Şimdi… İnsân kudret elinin avucunda yay gibidir ve Hak Teâlâ Hazretleri onu hizmetlerde kullanır; ve hakîkatte fâil, yay değil, Hak’dır. Yay âlet ve vâsıtadır; lâkin Hak’dan habersiz ve gâfildir; ve onun esâsı gâflettir. Görmez misin ki, bir kimseyi uykusuz bıraktıkları zaman dünyâdan bezer ve soğur ve ondan vazgeçer. İnsanın küçüklüğünden beri olan büyüyüp gelişmesi gaflet vâsıtasıyladır; yoksa gelişip büyümez idi. Şimdi o, gaflet vâsıtasıyla yapılaşıp irileştiğinden, onu gafletlerden yıkayıp pâk etmek için, Hak Teâlâ cebren ve tercihan yine zahmetleri ve mücâhedeleri musallat kılar.

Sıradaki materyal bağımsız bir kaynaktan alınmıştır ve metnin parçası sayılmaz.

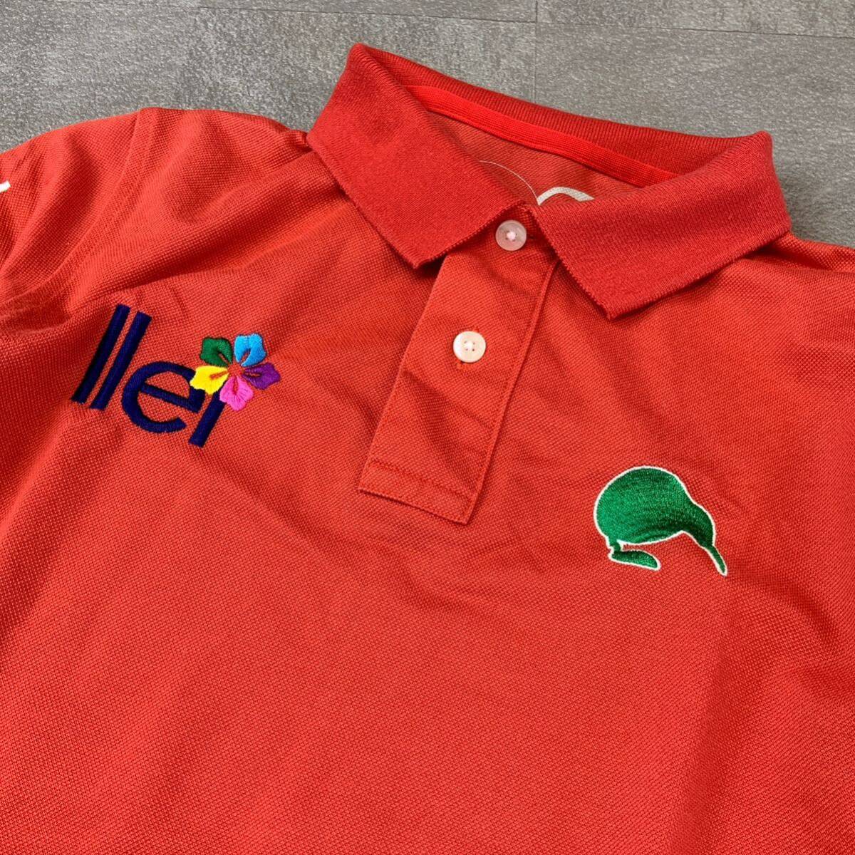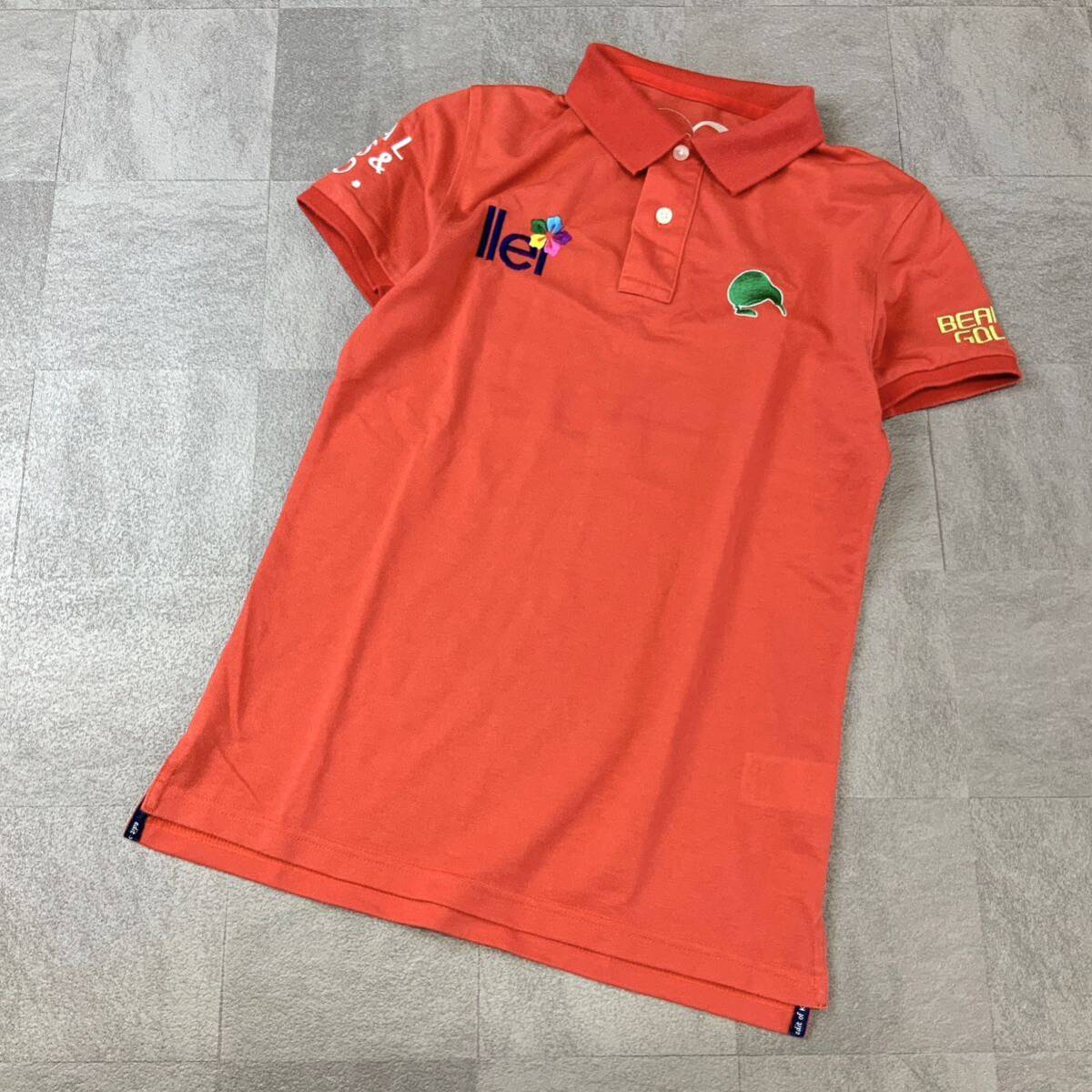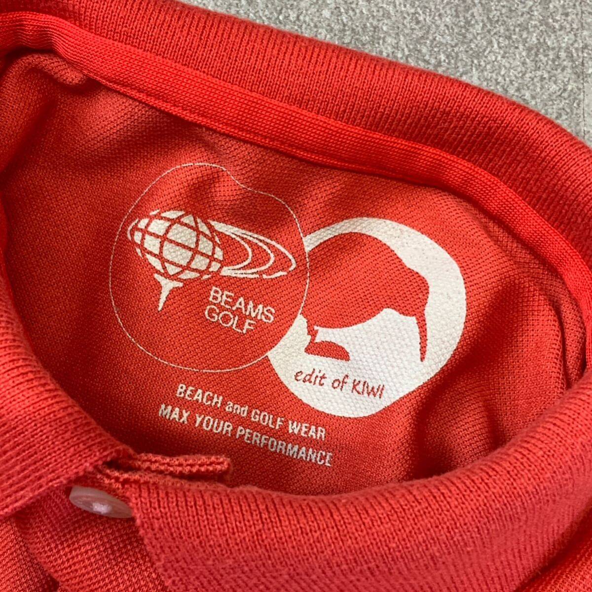 美品 BEAMS GOLF edit of kiwi ビームスゴルフ キーウィ刺繍 鹿の子 半袖 ポロシャツ レディース Mサイズ レッド系 ゴルフシャツ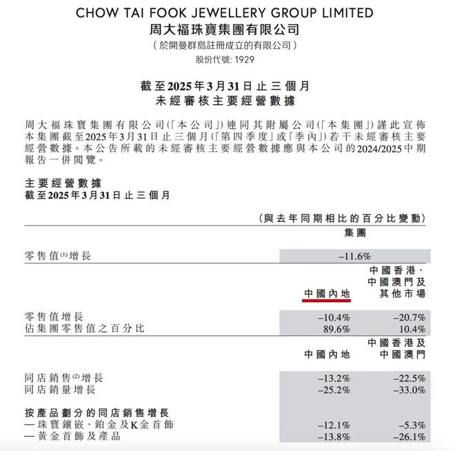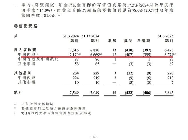 当前,国内珠宝零售行业格局正发生明显变化。周大福(等传统金饰品牌,以及梵克雅宝、卡地亚等高奢珠宝品牌,在中国市场纷纷遭遇经营挑战,投资缩减趋势明显。以周大福为例,在2024/2025财年第四季度(截至2025年3月31日),该集团零售值、同店销售等多项核心数据全面下滑。其中,该集团在中国内地零售值同比减少10.4%;同店销售和销量分别下滑13.2%和25.2%。从2024年3月31日到2025年3月31日,周大福珠宝在中国内地的门店从7170减少至6274,净减少高达896家。老铺黄金正是瞄准了这一行业变革的窗口期,试图进一步扩大市场份额,抢占奢侈品的地盘。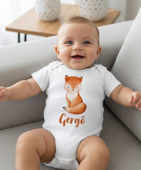 Watercolor hatású róka párna, gyermek nevével, adataival
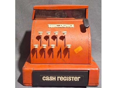 6062 Tom Thumb Toy Cash Register with Metal Body and Plastic Drawer 7.5?x6?x7.5? (dented & rusted)
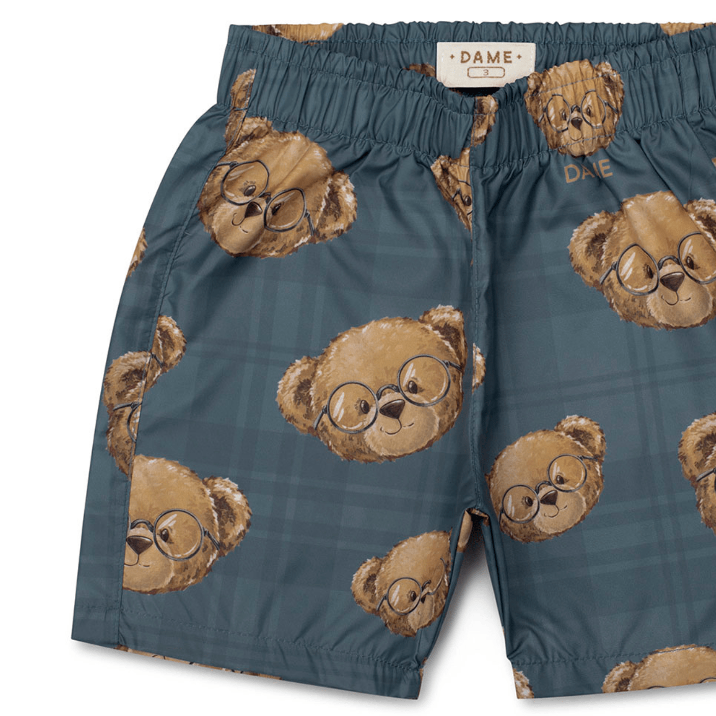 Com estampa exclusiva de ursinhos Teddy com óculos — um charme! — sobre fundo xadrez azul, o short une conforto e originalidade. Possui cós com elástico e amarração funcional, proporcionando ajuste ideal e liberdade para se movimentar.
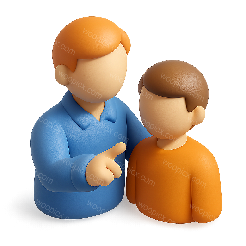 /Premium/Collection: /by davooda/Type: PNG/A 3D icon depicting a mentor guiding a younger person. The mentor, wearing a blue shirt, gestures with a finger, while the mentee in an orange shirt listens attentively. The image has a transparent background and a volumetric, isometric design.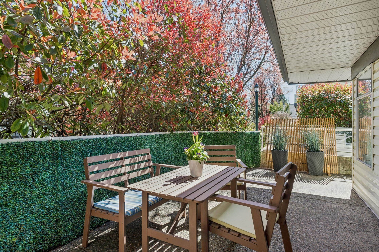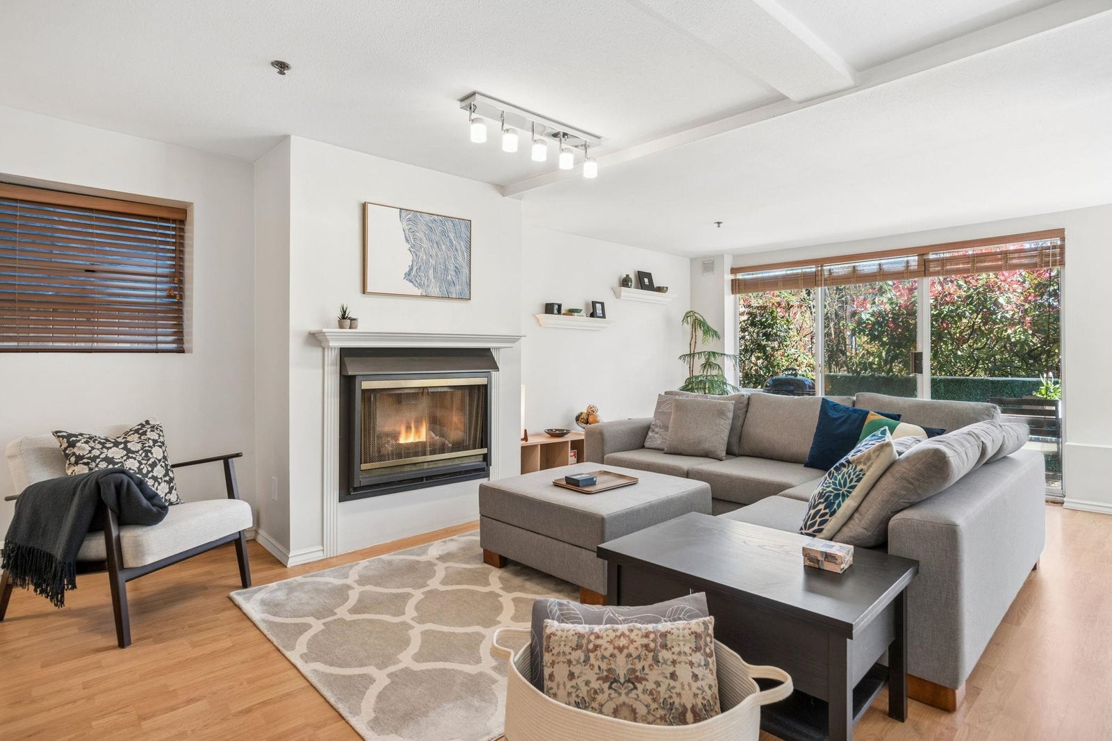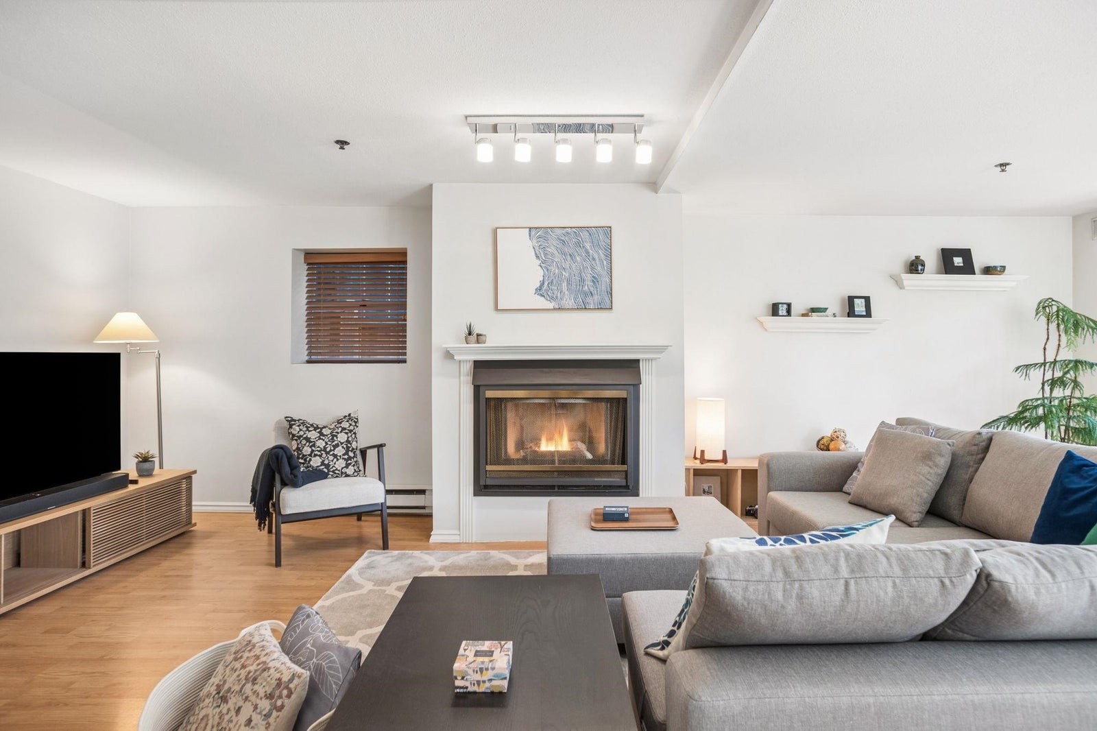 Expansive 1,386 sq. ft. open-plan, 2-bed, 2-bath duplex-style townhome in vibrant Main Street area! This bright, one-level home offers a functional layout and seamless indoor-outdoor living with a large, private 310 sq. ft. patio. Features include a full-sized kitchen and dining room, generous bedrooms and closet space, refreshed bathrooms, a gas fireplace, Mysa programmable smart thermostats, and a secured parking spot. Various updates throughout (W/D, HW Tank, Fridge). Just steps to Main Street, shops, Michelin Star restaurants, cafes, services, schools, transit, bike paths and parks. Rarely available boutique complex home in a lovely garden setting. Have your Realtor® book to view.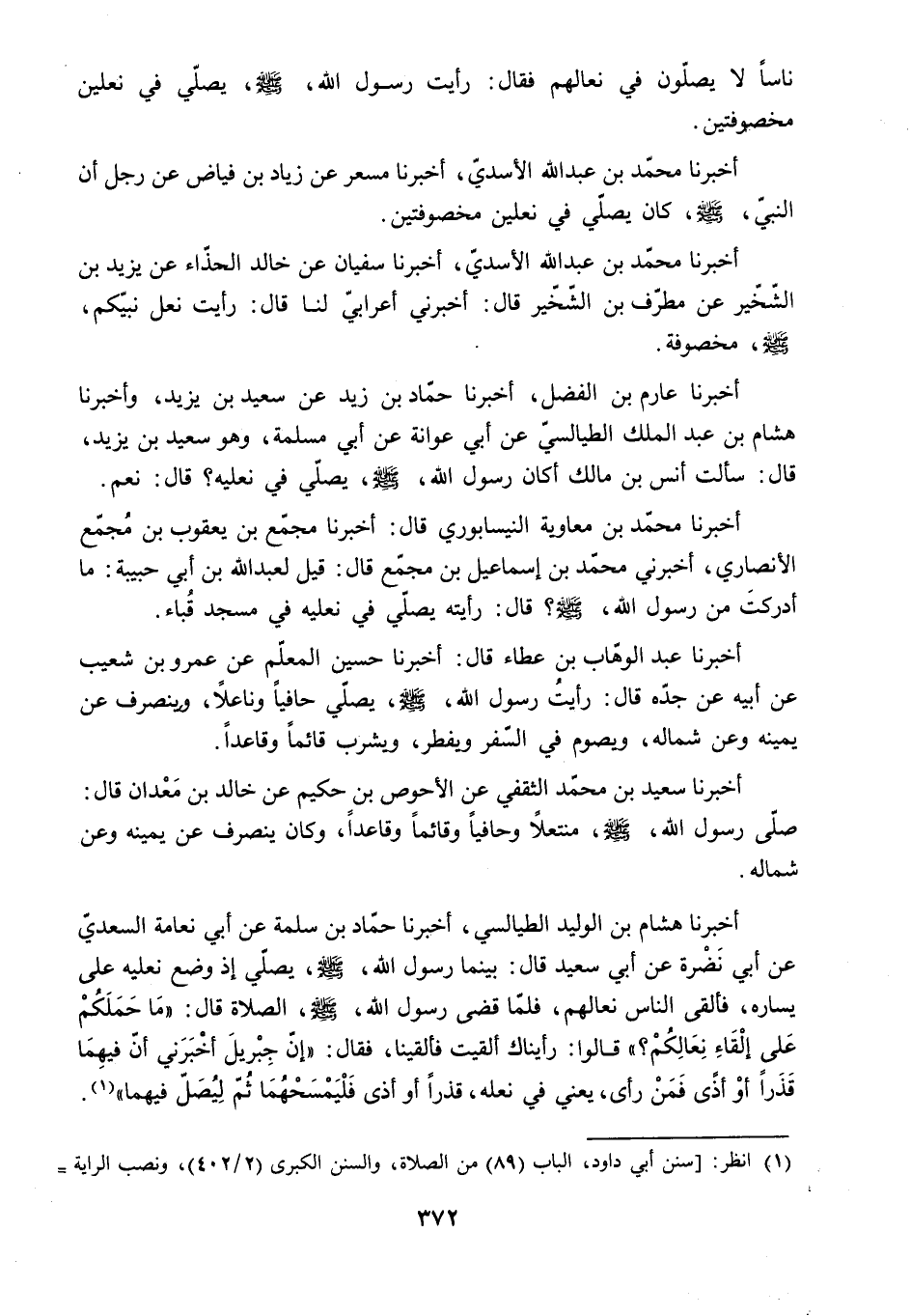 نَاسًا لا يُصَلُّونَ فِي نِعَالِهِمْ فَقَالَ: رَأَيْتُ رَسُولَ اللَّهِ - صَلَّى اللَّهُ عَلَيْهِ وَسَلَّمَ - يصلي فِي نَعْلَيْنِ مَخْصُوفَتَيْنِ.

Ondan sonra o âleme âşinâ olmak mümkün olur. İnsanın vücûdu bir çöplük gibidir. Gübre yığını, ancak gübre yığını!… Eğer azîz ise, onda pâdişâhın mührü olduğu içindir. Âdem’in vücûdu bir buğday çuvalı gibidir. Pâdişâh “Bu buğdayı nereye götürüyorsun? Onun içinde benim ölçeğim vardır” diye seslenir. Oysa o, ölçekten gâfildir ve ölçek buğdaya batmıştır. Eğer o ölçeğe vâkıf olsa, hiç buğdaya iltifat eder mi?

Şimdi… Seni ulvî âleme çeken ve süflî âlemden soğutup umarsız yapan her bir endîşe, o ölçeğin yansıması ve ışığıdır ki, insân o sebeble o âleme meyleder; aksi olarak süflî âleme meyl ettiğinde, bu hâl, o ölçeğin örtü içinde gizlenmiş olması alâmetidir.